KNN (K-Nearest Neighbors) algorithm is a machine learning algorithm used for both classification and regression tasks. It is a non-parametric and lazy learning algorithm, which means it doesn't make any assumptions about the underlying distribution of the data and it does not learn a model during training, but instead stores all of the training data.
The KNN algorithm works as follows:
Given a new input instance, the KNN algorithm finds the K training instances (i.e., data points) that are closest to the new instance in the feature space.
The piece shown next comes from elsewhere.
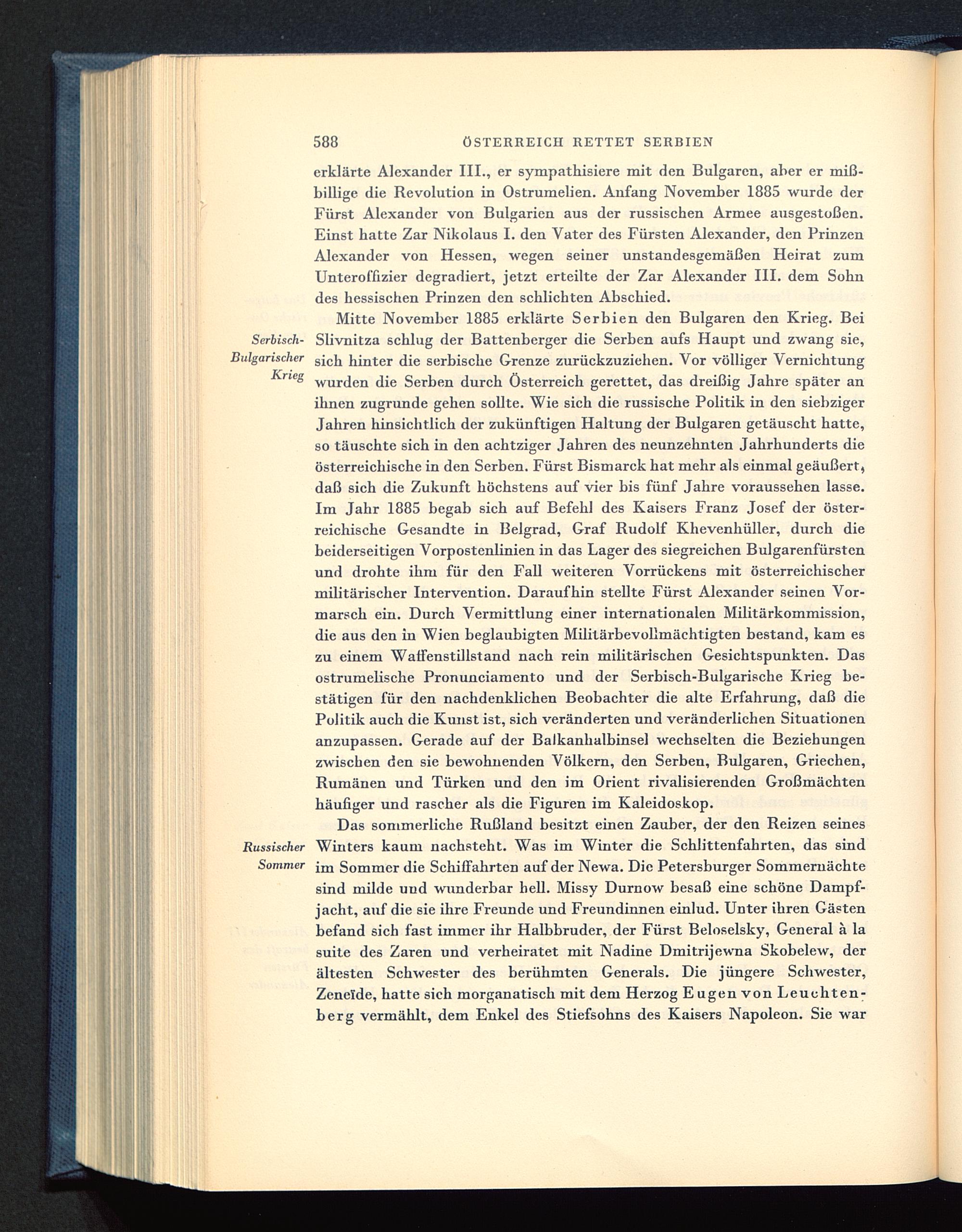 Mitte November 1885 erklärte Serbien den Bulgaren den Krieg. BeiSerbisch- Slivnitza schlug der Battenberger die Serben aufs Haupt und zwang sie,Bulgarischer hinter die serbische Grenze zurückzuziehen. Vor völliger VernichtungKrie g wur( l en die Serben durch Österreich gerettet, das dreißig Jahre später anihnen zugrunde gehen sollte. Wie sich die russische Politik in den siebzigerJahren hinsichtlich der zukünftigen Haltung der Bulgaren getäuscht hatte,so täuschte sich in den achtziger Jahren des neunzehnten Jahrhunderts dieösterreichische in den Serben. Fürst Bismarck hat mehr als einmal geäußert,daß sich die Zukunft höchstens auf vier bis fünf Jahre voraussehen lasse.Im Jahr 1885 begab sich auf Befehl des Kaisers Franz Josef der öster-reichische Gesandte in Belgrad, Graf Rudolf Khevenhüller, durch diebeiderseitigen Vorpostenlinien in das Lager des siegreichen B ul garenfürstenund drohte ihm für den Fall weiteren Vorrückens mit österreichischermilitärischer Intervention. Daraufhin stellte Fürst Alexander seinen Vor-marsch ein. Durch Vermittlung einer internationalen Militärkommission,die aus den in Wien beglaubigten Militärbevollmächtigten bestand, kam eszu einem Waffenstillstand nach rein militärischen Gesichtspunkten. Dasostrumelische Pronunciamento und der Serbisch-Bulgarische Krieg be-stätigen für den nachdenklichen Beobachter die alte Erfahrung, daß diePolitik auch die Kunst ist, sich veränderten und veränderlichen Situationenanzupassen. Gerade auf der Balkanhalbinsel wechselten die Beziehungenzwischen den sie bewohnenden Völkern, den Serben, Bulgaren, Griechen,Rumänen und Türken und den im Orient rivalisierenden Großmächtenhäufiger und rascher als die Figuren im Kaleidoskop.

The distance metric used can be any metric that measures the similarity or dissimilarity between the instances.
For classification tasks, the KNN algorithm assigns the class label that is most common among the K nearest neighbors. For regression tasks, the KNN algorithm assigns the average of the target values of the K nearest neighbors.
The value of K is a hyperparameter that must be set prior to train the model. If K is too small, the model can be sensitive to noise in the data and can overfit the training data. If K is too large, the model can be overly biased towards the most common class or value in the data.
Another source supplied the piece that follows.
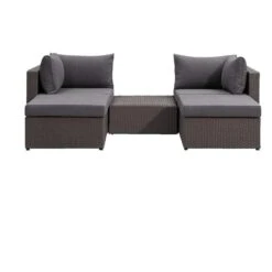 Modulaire loungeset Dordogne biedt ruimte om met 2ย personen heerlijk te relaxen. De gehele serie is gemaakt van hoogwaardig aluminium en kunststof met een wicker look. Voordeel van kunststof wicker is dat deze veel langer mee gaat dan gewoon wicker. Zo kan jij dus optimaal genieten van zowel de kwaliteit als zijn prachtige uitstraling. Deze tuinset wordt geleverd incl. donkergrijze Brest loungekussens, gemaakt van katoen/polyester. Dit is een zeer complete en luxe set die jou verzekerd van vele uren relaxen in de tuin. Laat de zon maar schijnen!

KNN can be used with any number of features and is especially useful when the underlying distribution of the data is unknown or difficult to model. KNN is often used as a baseline algorithm to compare the performance of more complex models.
from sklearn.neighbors import KNeighborsClassifier
knn = KNeighborsClassifier(n_neighbors=5,
p=2,
metric='minkowski')
knn.fit(X_train_std, y_train)
plot_decision_regions(X_combined_std, y_combined,
classifier=knn,
test_idx=range(105,150))
plt.xlabel('petal length [standardized]')
plt.ylabel('petal width [standardized]')
plt.legend(loc='upper left')
plt.show()